# Should Dad be there at the start ?



## Wren (Apr 18, 2019)

One in five fathers did not attend the birth of their child a study has found, and one in ten skipped two or more births.
Work, traffic, and even watching football were among the main excuses, but in some cases the moms  did not want their partners to be present 

Dads, were you there at the birth of your children or, Moms, did you want your your husband with you ?


----------



## C'est Moi (Apr 18, 2019)

My husband was with me for the births of both of our sons.   I can't imagine that he wouldn't have been.


----------



## RadishRose (Apr 18, 2019)

I wouldn't have wanted him, but that's just me, and that was "back then".

 I now believe men should be there for their own sake and to help foster family bonds.


----------



## Ruth n Jersey (Apr 18, 2019)

Yes, my hubby was there when both my kids were born. I wanted him to be there but as the labor progressed It could have been Santa Claus standing there for all I cared.


----------



## Falcon (Apr 18, 2019)

Her  doctor  suggested  I wait in the waiting room  until the delivery  was completed. Which I did. They don't like
those  places  crowded  with  "Lookie Loos." They didn't  NEED  me there.


----------



## jujube (Apr 18, 2019)

I would have loved to have had my husband with me.  We did not have a hospital on our common-defense installation, just a clinic, so expectant mothers were sent about 10 days before due date to the hospital in Ankara.  Off I go and the doctor says I won't deliver for at least two more weeks. My husband was going to catch a flight in a week and stay on leave until I deliver.  Well, nobody told the baby and she promptly pops out bright and early the next morning.

I have a male doctor and a male corpsman as my companions for the blessed event. 

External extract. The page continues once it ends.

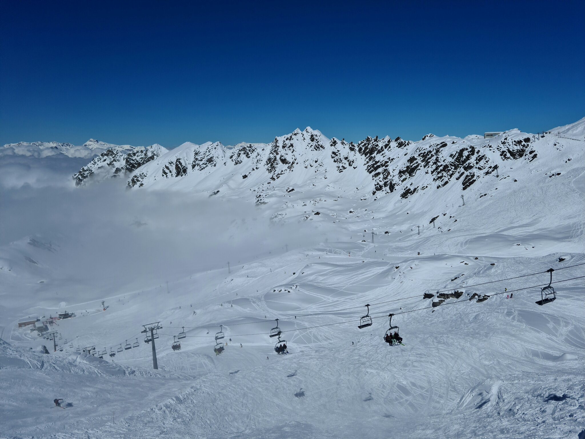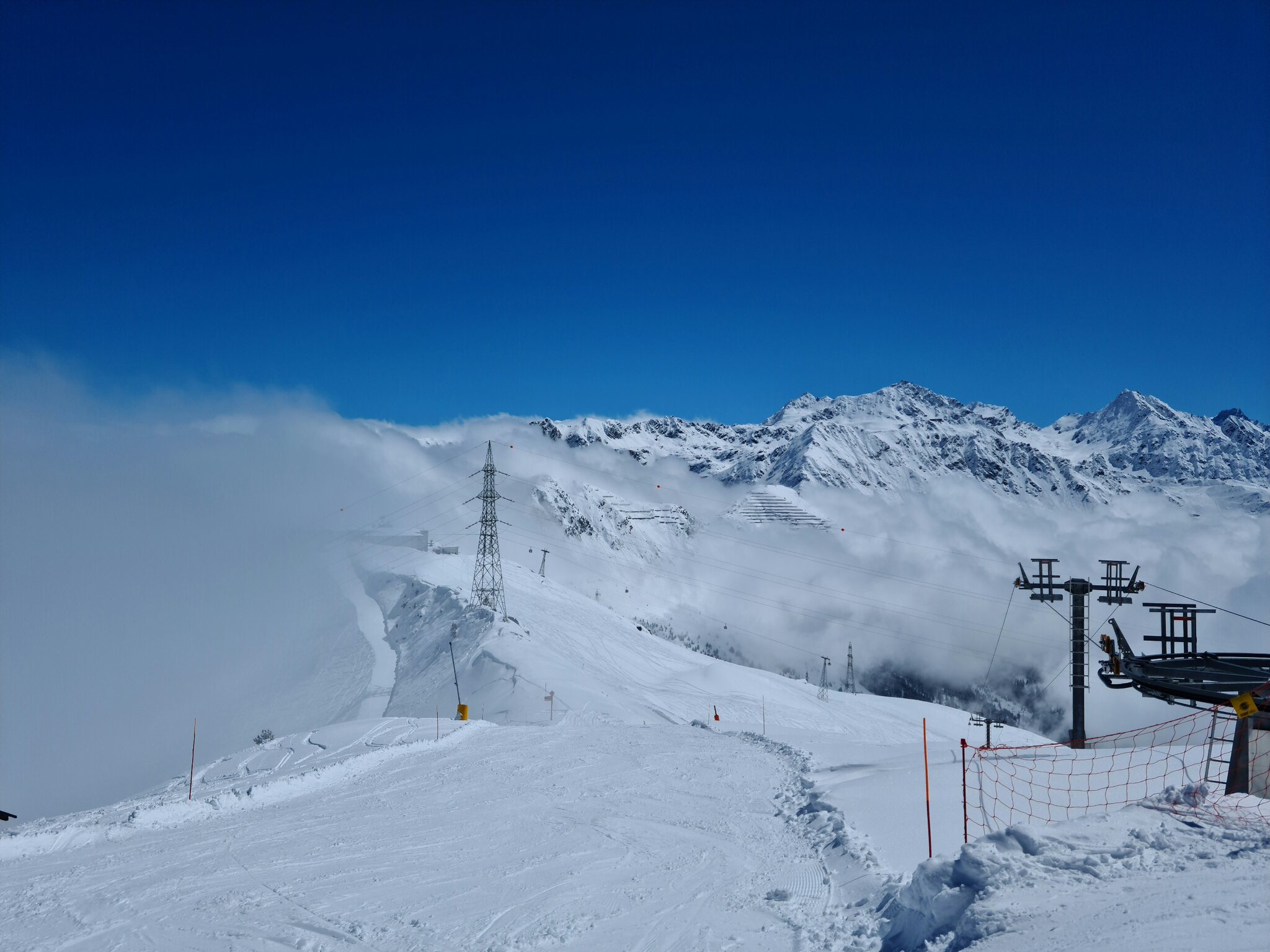 #12&13- Während ich auf der Südseite im Sonnenschein fahre, ist die Nordseite im Nebel. Also gleich nochmal zur Sesselbahn La Tournelle!

I rushed to the hospital when my daughter went into labor and the first thing she said when she saw me was, "I WANT DADDY HERE!!!"  So, he was there for the whole thing (at the head of the bed, of course, comforting my son-in-law......I was taking care of the bottom of the bed and got to "catch" my granddaughter!)


----------



## AZ Jim (Apr 18, 2019)

Back in the "ole" days they did not want Dad in the delivery room.


----------



## Tommy (Apr 18, 2019)

After months of birthing classes, you bet I was there for ours!


----------



## Sassycakes (Apr 18, 2019)

When I had my first child a son Father's weren't allowed in the delivery room. When I had my second child my daughter my husband was allowed in the room until a problem arose and he had to leave the room. He was worried but honestly by the look on his face he looked happy that he wouldn't be in there. Thankfully everything turned out fine and my baby girl was alright.


----------



## Ken N Tx (Apr 19, 2019)

Falcon said:


> Her  doctor  suggested  I wait in the waiting room  until the delivery  was completed. Which I did. They don't like
> those  places  crowded  with  "Lookie Loos." They didn't  NEED  me there.





AZ Jim said:


> Back in the "ole" days they did not want Dad in the delivery room.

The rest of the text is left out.